Collected material ::

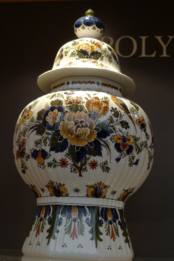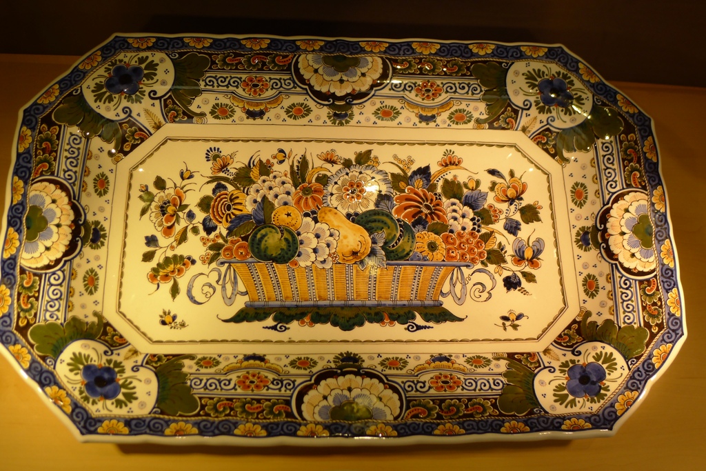 Наверное, поэтому в Royal Delft было создано дочернее производство – фабрика «Вестравен», где изделия не расписываются вручную, а украшаются декором, нанесенным с помощью трансферной техники – декор сначала вымачивается в воде, затем наносится на уже покрытый глазурью и обожженный 2 раза продукт. Этот продукт обжигается еще один раз, и декор сплавляется с глазурным слоем. Цена этих изделий на порядки ниже, чем фарфора «Porceleyne Fles». Маркируются они тоже по-другому и выглядят иначе. В фирменном магазине продукция «Вестравен» занимает несколько витрин у входа (на последнем фото).
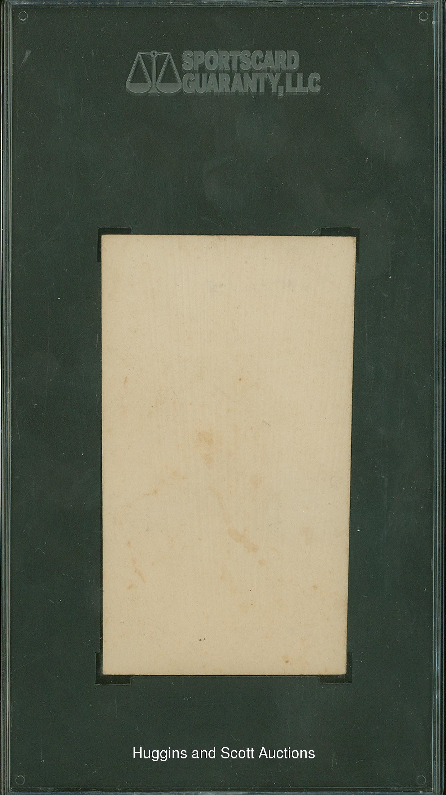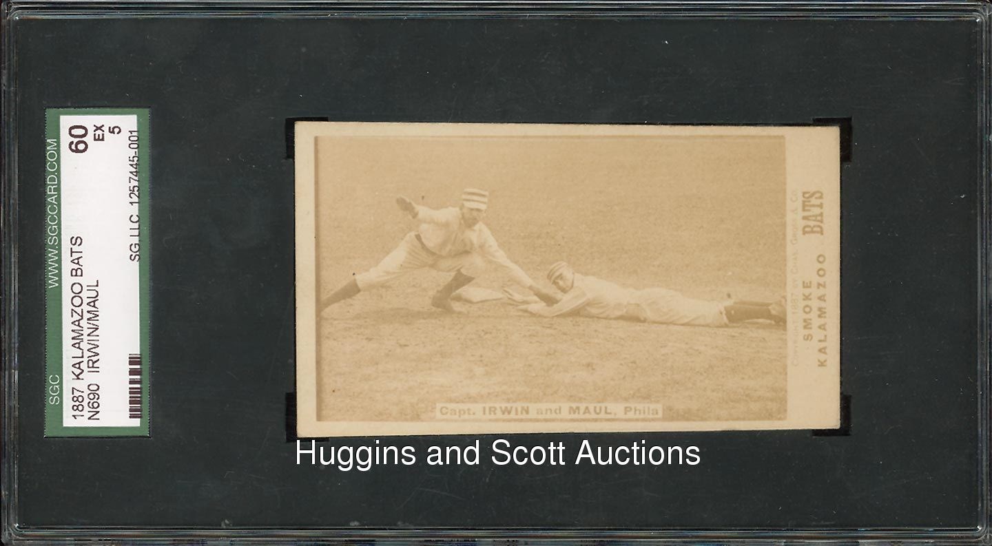 The 1887 Kalamazoo Bats N690 tobacco issue is one of the toughest and most desirable of all 19th Century issues. Offered is a superb example of one of these rarities, an 1887 Kalamazoo Bats N690 Irwin/Maul, Phila graded SGC 60. This paramount exemplar, the highest graded of the five authenticated by SGC, has a crystal clean front with a sharp image and well defined borders. The reverse does display mild toning spots common with tobacco issues. Although very common with the Kalamazoo Bats issue, the card is slightly tapered from top to bottom, measuring 2-1/4” at the top and 2-1/8” at the bottom. This is the highest graded example of this card on the SGC Registry and is one of the top graded cards in the entire set.
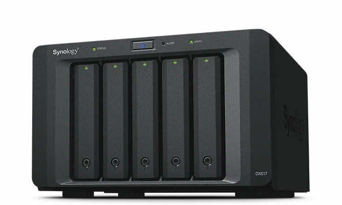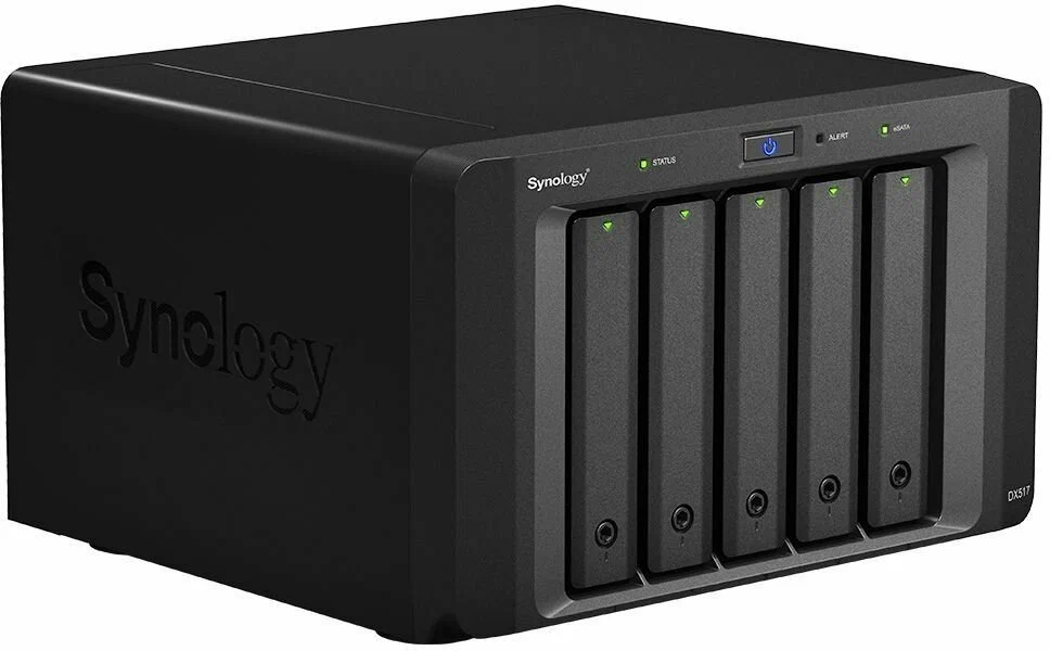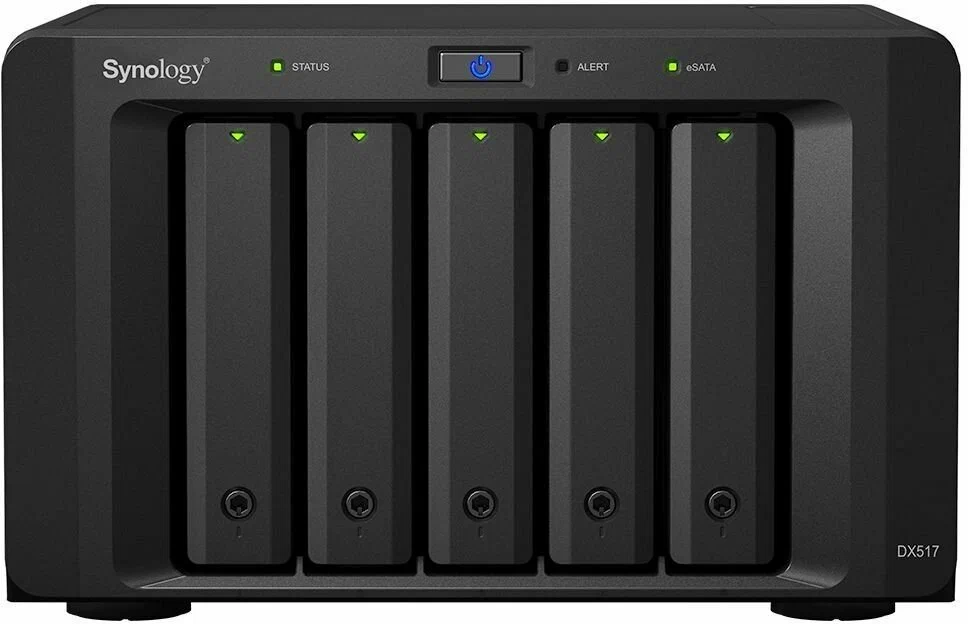 Модуль расширения для сетевого хранилища Synology DX517 подходит для размещения колоссального объема информации – до 50 ТБ. Для этого он имеет в своей конструкции отсеки 5 накопителей типа SATA II / III или SSD по 10 ТБ каждый. Еще один плюс этого устройства – возможность горячей замены HDD. Чтобы обеспечить ему долгую работоспособность, производитель оснастил его встроенной системой охлаждения. Модуль расширения для сетевого хранилища Synology DX517 занимает немного места на рабочем столе, поэтому его можно сделать мини-сервером для домашнего или рабочего офиса.
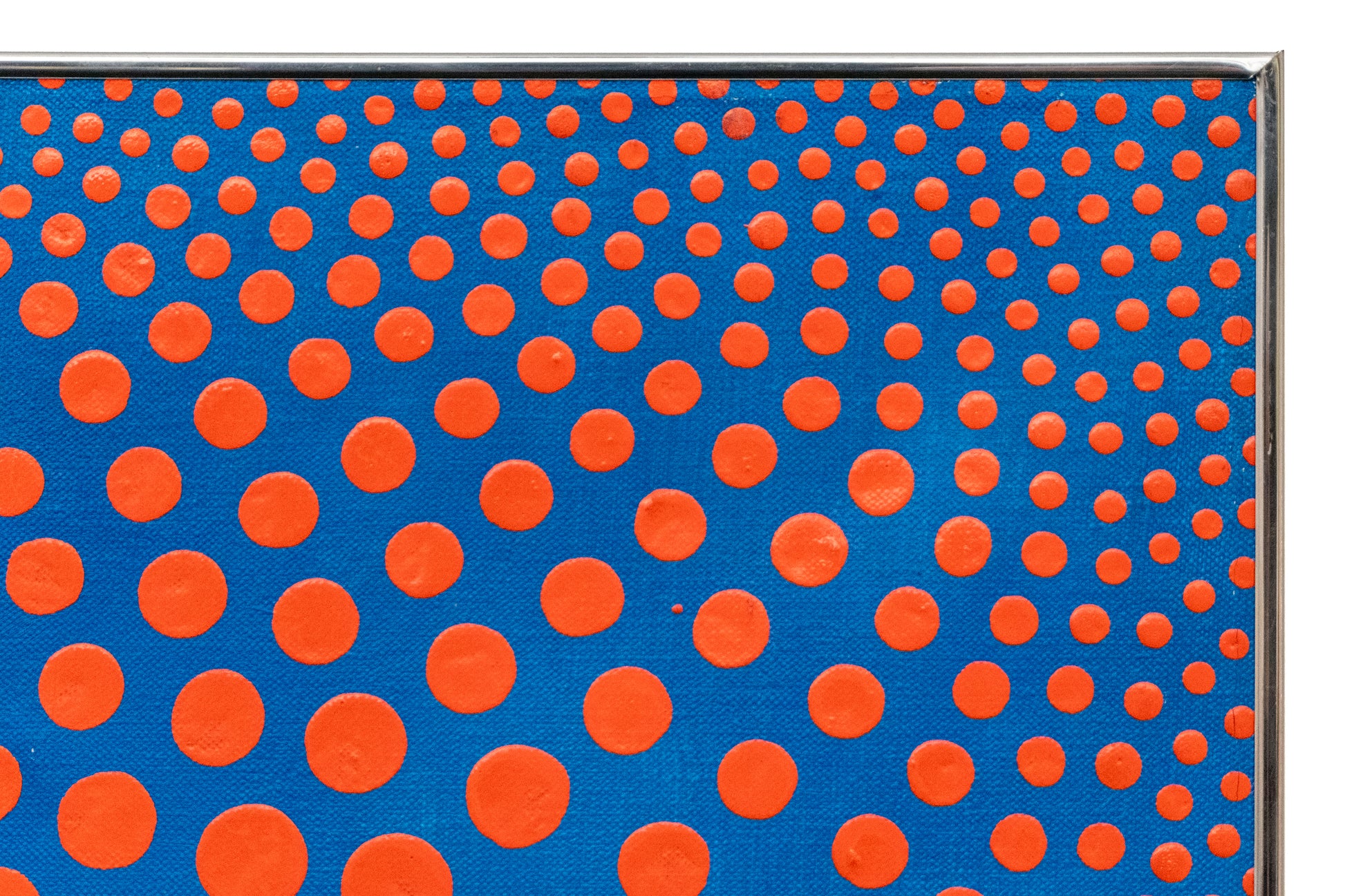 In this series, Kirkland applied dozens of individual dots to create the illusion of energy vibrating in space. This particular work is especially distinctive, as Kirkland intended it to be displayed in a diamond orientation, rather than the conventional square.

Exercise objective ::
Reproduce the lines above exactly, please, but not the pictures in them.

Response to the exercise ::
 Наверное, поэтому в Royal Delft было создано дочернее производство – фабрика «Вестравен», где изделия не расписываются вручную, а украшаются декором, нанесенным с помощью трансферной техники – декор сначала вымачивается в воде, затем наносится на уже покрытый глазурью и обожженный 2 раза продукт. Этот продукт обжигается еще один раз, и декор сплавляется с глазурным слоем. Цена этих изделий на порядки ниже, чем фарфора «Porceleyne Fles». Маркируются они тоже по-другому и выглядят иначе. В фирменном магазине продукция «Вестравен» занимает несколько витрин у входа (на последнем фото).
 The 1887 Kalamazoo Bats N690 tobacco issue is one of the toughest and most desirable of all 19th Century issues. Offered is a superb example of one of these rarities, an 1887 Kalamazoo Bats N690 Irwin/Maul, Phila graded SGC 60. This paramount exemplar, the highest graded of the five authenticated by SGC, has a crystal clean front with a sharp image and well defined borders. The reverse does display mild toning spots common with tobacco issues. Although very common with the Kalamazoo Bats issue, the card is slightly tapered from top to bottom, measuring 2-1/4” at the top and 2-1/8” at the bottom. This is the highest graded example of this card on the SGC Registry and is one of the top graded cards in the entire set.
 Модуль расширения для сетевого хранилища Synology DX517 подходит для размещения колоссального объема информации – до 50 ТБ. Для этого он имеет в своей конструкции отсеки 5 накопителей типа SATA II / III или SSD по 10 ТБ каждый. Еще один плюс этого устройства – возможность горячей замены HDD. Чтобы обеспечить ему долгую работоспособность, производитель оснастил его встроенной системой охлаждения. Модуль расширения для сетевого хранилища Synology DX517 занимает немного места на рабочем столе, поэтому его можно сделать мини-сервером для домашнего или рабочего офиса.
 In this series, Kirkland applied dozens of individual dots to create the illusion of energy vibrating in space. This particular work is especially distinctive, as Kirkland intended it to be displayed in a diamond orientation, rather than the conventional square.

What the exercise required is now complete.